Elbette, Türkiye’nin vicdan sahibi insanları bölge halkının sorunlarını paylaşmak üzere ellerinden gelen yardımı yapacak, desteği vereceklerdir. Ama devletin neler yapacağı depremzedelerin ve bölge insanının geleceği için belirleyici bir rol oynayacaktır.
Van Erciş (Wan Ercîş) depremi, bölgenin halkını dehşet verici bir felaket ile karşı karşıya bıraktı. Bu satırların yazıldığı saatlerde henüz ölü ve yaralı sayıları yeni yeni gelmeye başlamıştı. Ama bölgeden gelen haberler Erciş’te korkunç bir yıkım yaşandığını, Van ve çevresinin de bu sarsıntıdan payını aldığını gösteriyor. Ölü ve yaralı sayısı muhtemelen binlerle sayılacak. Yalnızca Erciş’te 80 bin dolayında insan yaşıyor. Van’ın kent nüfusu ise 400 bin dolayındadır. Şimdi enkazın altındaki bu binlerce, belki de on binlerce insanın aranmasından, kurtarılmasından, yeniden yaşama döndürülmesinden, kimsenin aç açıkta bırakılmamasından daha önemli bir şey yok. İnsanlık bugün sınanıyor.
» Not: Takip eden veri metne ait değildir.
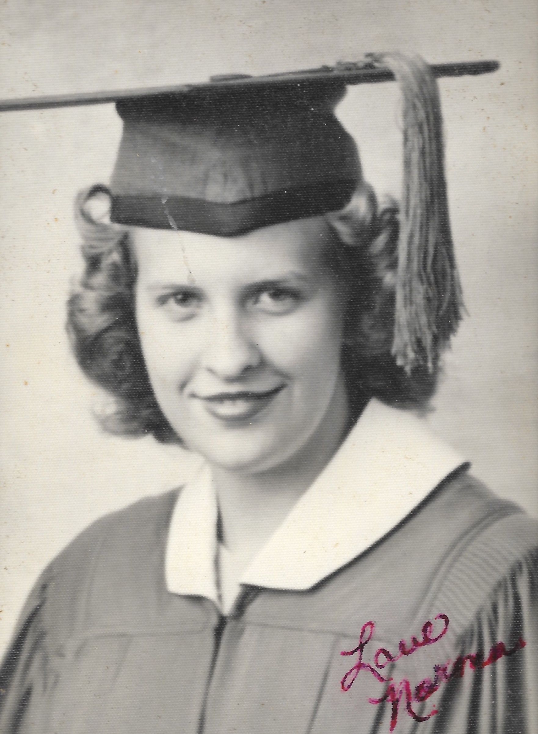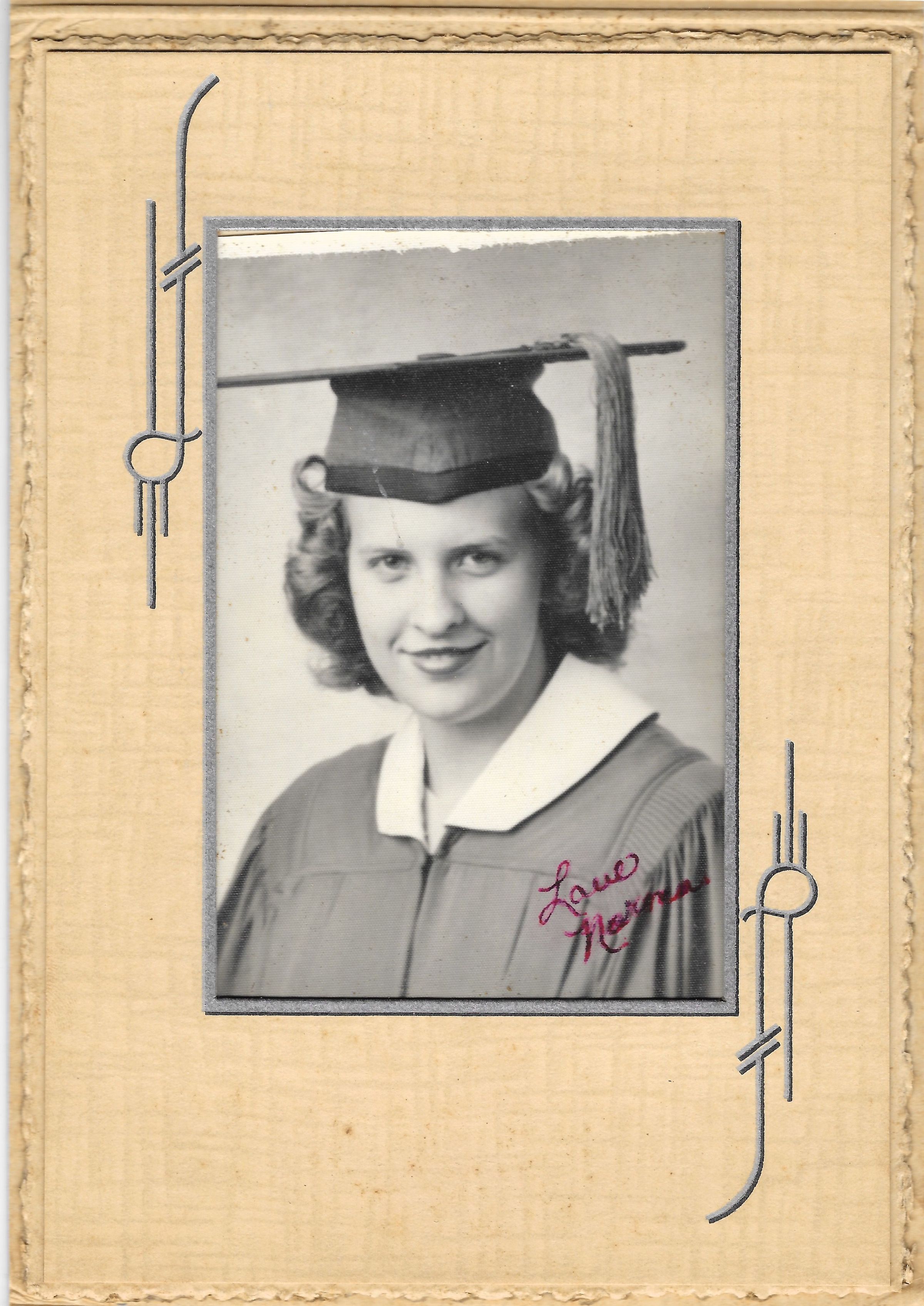 Graduation portrait of Norma June Fadler in her cap and gown.
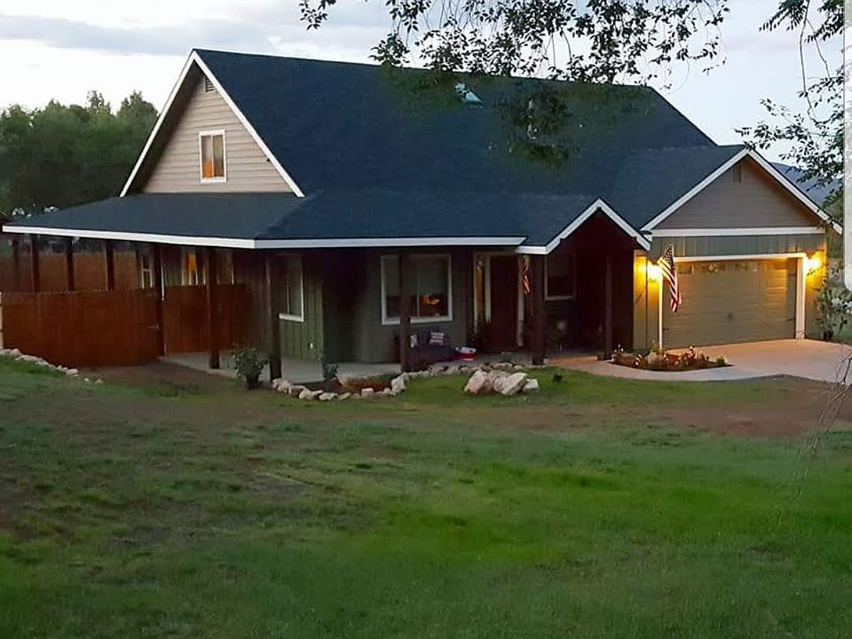 GORGEOUS 4 bedroom, 2.5 bath home situated on a private corner lot! So much thought went in to the building of this home featuring soaring ceilings, beautiful stamped concrete flooring throughout the main level with a stone accented fireplace to finish off. The granite countertops are consistent throughout the home as well as the knotty alder cabinetry. You will feel pampered in the spacious master shower with dual heads and level entry. Got clothes?! We've got you covered with ample storage space not only in the master closet, but throughout the home. The wrap around covered porch is a wonderful addition to the xeriscaped backyard that features Forever Lawn, paver pathway to a covered sitting area & if trampolines aren't your thing, simply fill and have a great fire pit area! If you have horses there is still plenty of room on the property. The upstairs area has an additional living space to be utilized however you wish and has the 3 additional bedrooms. Really, this is a TERRIFIC floorplan that you must see! Schedule your showing today!
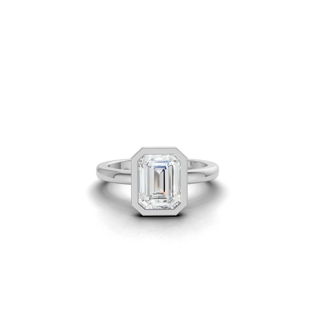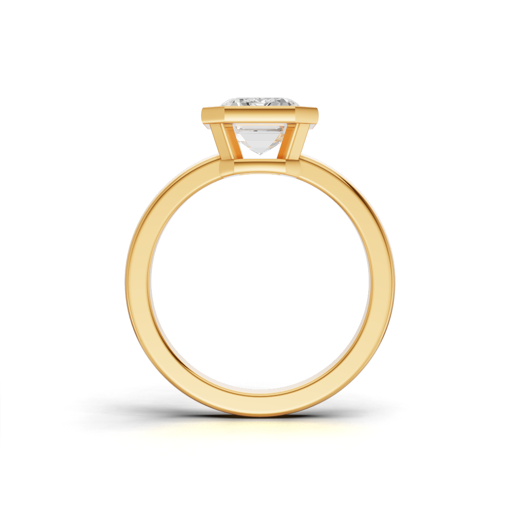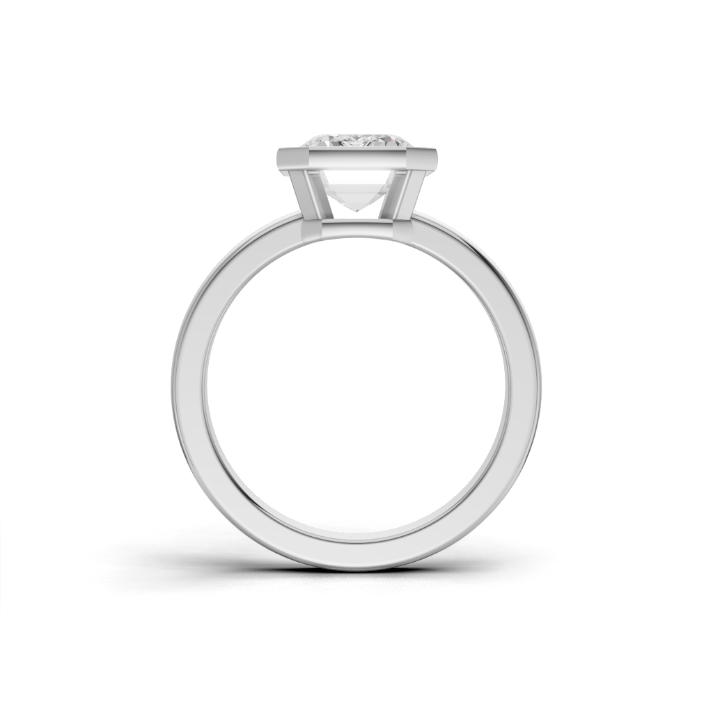 The Luna Bezel Engagement Ring features a stunning round brilliant diamond, beautifully encircled by a smooth and polished metal rim. This bezel setting design enhances the diamond’s brilliance while providing maximum protection to the center stone.
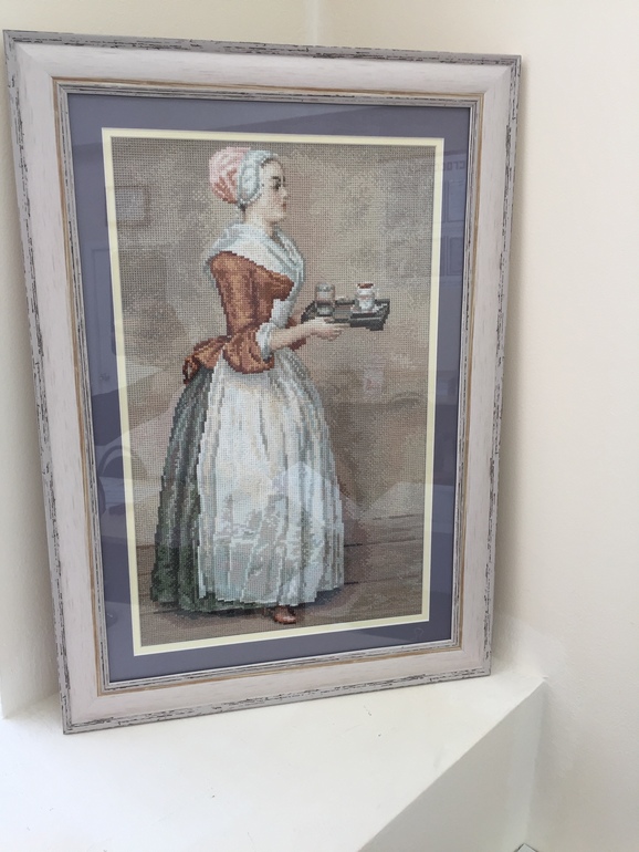 Прекрасная работа и замечательное оформление! Я с тех пор, как оригинал картины увидела, с трепетом отношусь к ней. До того дамочка с подносом и все )) А оказалось, она волшебная!
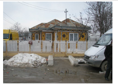 Imobil compus din teren intravilan categ. curti-constructii, in supraf. de 350 mp. si constructia C1- locuinta, in supraf. construita de 142 mp. si utila 123,34 mp. in regim de intaltime P, formata din patru camere, un hol, o bucatarie, o baie, cu finisaje medii, tamplarie exterioara din lemn cu geam simplu, tamplarie interioara din aluminiu cu geam termopan, pardoseli cu parchet in camere si gresie pe hol, baie si bucatarie, pereti placati cu faianta in bucatarie si baie, construita din caramida, centuri din beton armat, acoperita cu tabla, incalzirea se face cu sobe de teracota pe lemne.

Bölge halkına yitirdikleri yakınları için baş sağlığı, uğradıkları büyük hasar için de dayanışma duyguları iletiyoruz. Elbette, Türkiye’nin dayanışma ve kardeşliği savunan bütün örgüt, kurum ve kişileri, bölgedeki yardım ve destek faaliyetlerine gözlerini kırpmadan katılacaklardır. Elbette, Türkiye’nin vicdan sahibi insanları bölge halkının sorunlarını paylaşmak üzere ellerinden gelen yardımı yapacak, desteği vereceklerdir.
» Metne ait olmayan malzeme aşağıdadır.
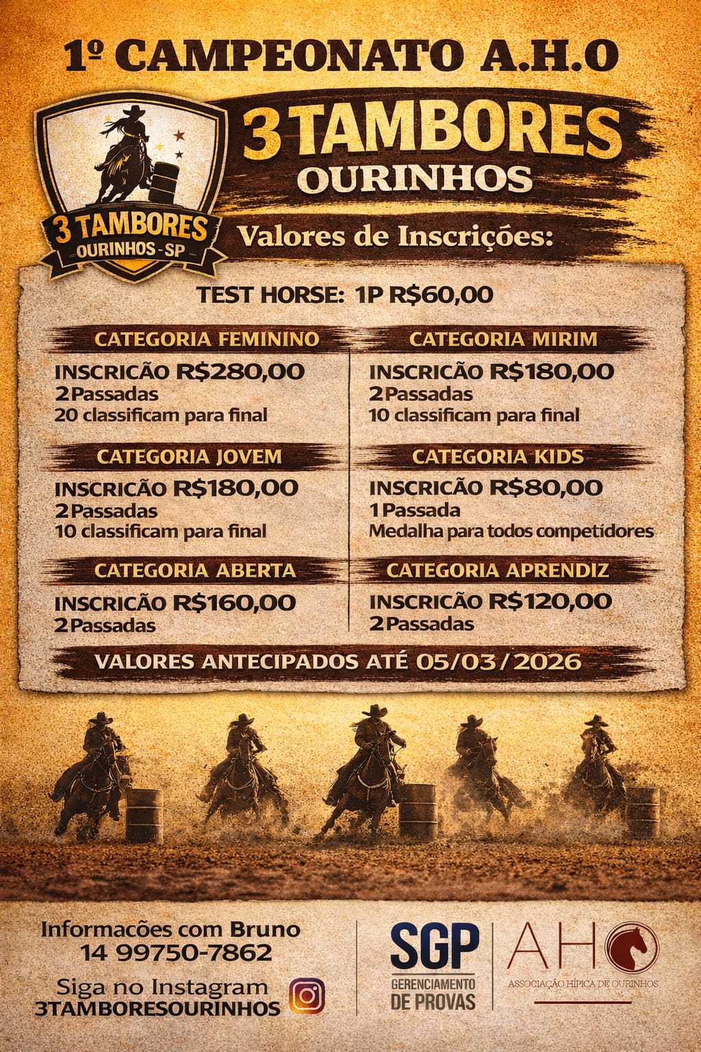 1º Campeonato AHO 3 Tambores de Ourinhos - 07 de Março de 2026 - Parque de Exposições - Ourinhos, SP
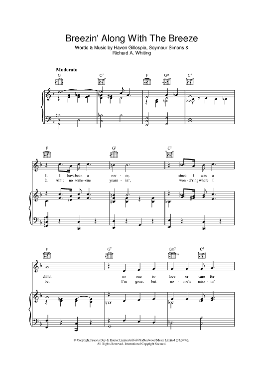 Digital Sheet Music for Breezin' Along With The Breeze by Haven Gillespie, Seymour Simons, Richard A. Whiting scored for Piano/Vocal/Chords; id:392741
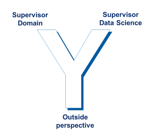 IDEAS setzt auf das Y-Supervisionsmodell: Jedes Promotionsprojekt wird gemeinsam von mindestens zwei Principal Investigators (PIs) aus unterschiedlichen Partnerinstitutionen betreut, die jeweils unterschiedliche fachliche Perspektiven einbringen – in der Regel Datenwissenschaft und Domänenexpertise.
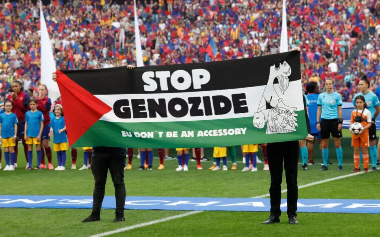 Si la première s’est distinguėe par une mise en scène choc devant la Basilique du Sacré-Coeur, haut lieu du tourisme mondial, la deuxième a créé l’événement lors de la très attendue finale de la Ligue des Champions féminine de l’UEFA entre le FC Barcelone et l’Olympique Lyon, en déployant une bannière sur laquelle figurait en toutes lettres : « Stop au génocide» et « UE ne soyez pas complice ».
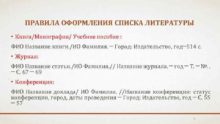 ПРАВИЛА ОФОРМЛЕНИЯ СПИСКА ЛИТЕРАТУРЫ Книга Монография Учебное пособие
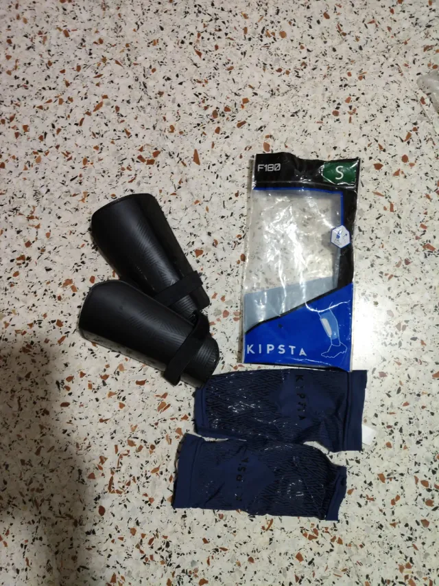 Set de espinilleras de la marca Kipsta. - Modelo F180. - Talla S. - Color azul marino.
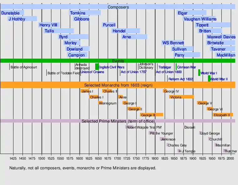 The Baroque era in music, between the early music of the Medieval and Renaissance periods and the development of fully fledged and formalised orchestral classical music in the second half of the eighteenth century, was characterised by more elaborate musical ornamentation, changes in musical notation, new instrumental playing techniques and the rise of new genres such as opera. Although the term Baroque is conventionally used for European music from about 1600, its full effects were not felt in Britain until after 1660, delayed by native trends and developments in music, religious and cultural differences from many European countries and the disruption to court music caused by the Wars of the Three Kingdoms and Interregnum.[16] Under the restored Stuart monarchy the court became once again a centre of musical patronage, but royal interest in music tended to be less significant as the seventeenth century progressed, to be revived again under the House of Hanover.[17]
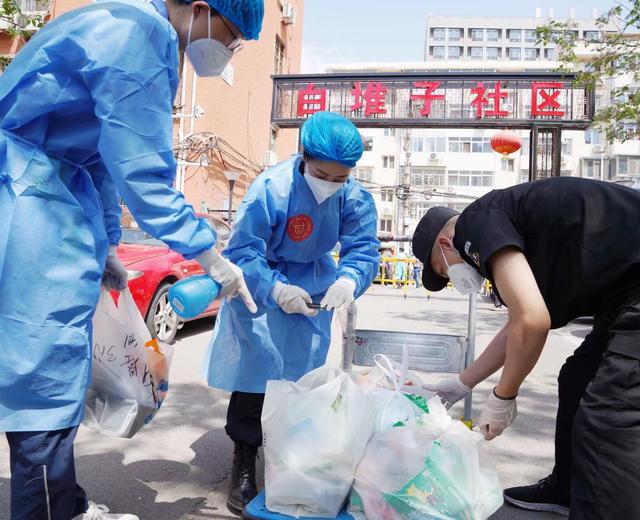 因有确诊病例,4月30日起,海淀区甘家口街道的12个社区被划入临时管控范围。为了最大程度避免外卖快递小哥与管控区居民直接接触、靠近管控区造成“弹窗”等问题,多个小区门口设起了缓冲区,由志愿者们接力消杀、传递物资,为居民和外界之间架起一道“安全桥”。

Ama devletin neler yapacağı depremzedelerin ve bölge insanının geleceği için belirleyici bir rol oynayacaktır. Devlet, her şeyden önce son günlerde sürdürdüğü kapsamlı askeri operasyonları derhal durdurmalı, sınır ötesinde ne kadar askeri birlik varsa geri çekmelidir. Savaşın zehirlediği bir ortam arama kurtarma faaliyetlerini de son derecede güçleştirecektir.
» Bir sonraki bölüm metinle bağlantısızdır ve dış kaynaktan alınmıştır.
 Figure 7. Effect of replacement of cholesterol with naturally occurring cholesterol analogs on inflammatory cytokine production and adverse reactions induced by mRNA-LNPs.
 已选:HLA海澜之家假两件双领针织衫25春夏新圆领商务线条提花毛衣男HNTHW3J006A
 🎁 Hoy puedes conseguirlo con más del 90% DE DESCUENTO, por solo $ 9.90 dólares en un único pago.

İkincisi, Ermenistan ve İran sınırları derhal açılmalıdır. Van’a Erzurum’dan, Malatya’dan, Ankara’dan yardım gitmesinden, yaralıların Türkiye’nin bu ve başka kentlerindeki hastanelere sevk edilmesinden çok daha kolay ve sağlıklı olanı, bu ülkeler yardımdan kaçınmadıkları takdirde onların olanaklarının da kullanılmasıdır. İran şimdiden yardım vaad etmiştir. Sınırlar açılmalı, yaralılardan, refakatçilerden ve tabii sağlıkçılardan pasaport sorulmadan bu ülke olanakları insan hayatını kurtarmak için seferber edilmelidir.
Nihayet, devlet bütün arama kurtarma, tedavi, barınma, koruma, gıda sağlama vb. faaliyetlerinde yerel yönetimlerle işbirliği ve koordinasyon içinde çalışmalı, ister gönüllü kuruluşlar, ister sendikalar, ister siyasi partiler olsun Kürt halkının örgütlerinin bütün bu faaliyetlere boylu boyunca girmesine karşı engelleyici bir tutumdan titizlikle kaçınmalıdır. Bölge halkının nabzını esas tutabilecek olan, yerel seçimlerde oylarıyla başa getirdikleri belediye yönetimleridir. Bölge halkının ihtiyaçlarını en yakından bilebilecek ve öğrenebilecek olan, yaşam tarzını en iyi tanıyan belediyelerdir. Bütün destek yerel yönetimlerin katkısıyla yönlendirilmelidir. Siyasi nedenlerle engelleme kesinlikle yapılmamalıdır.
Gün, binlerce insanı o karanlık cehennemden çıkarıp alma, hayata kavuşturma, on binleri,yüz binleri açlıktan, açıktan, soğuktan koruma, yaralarını sarma günüdür! Gün bölgenin halkı ile dayanışma günüdür!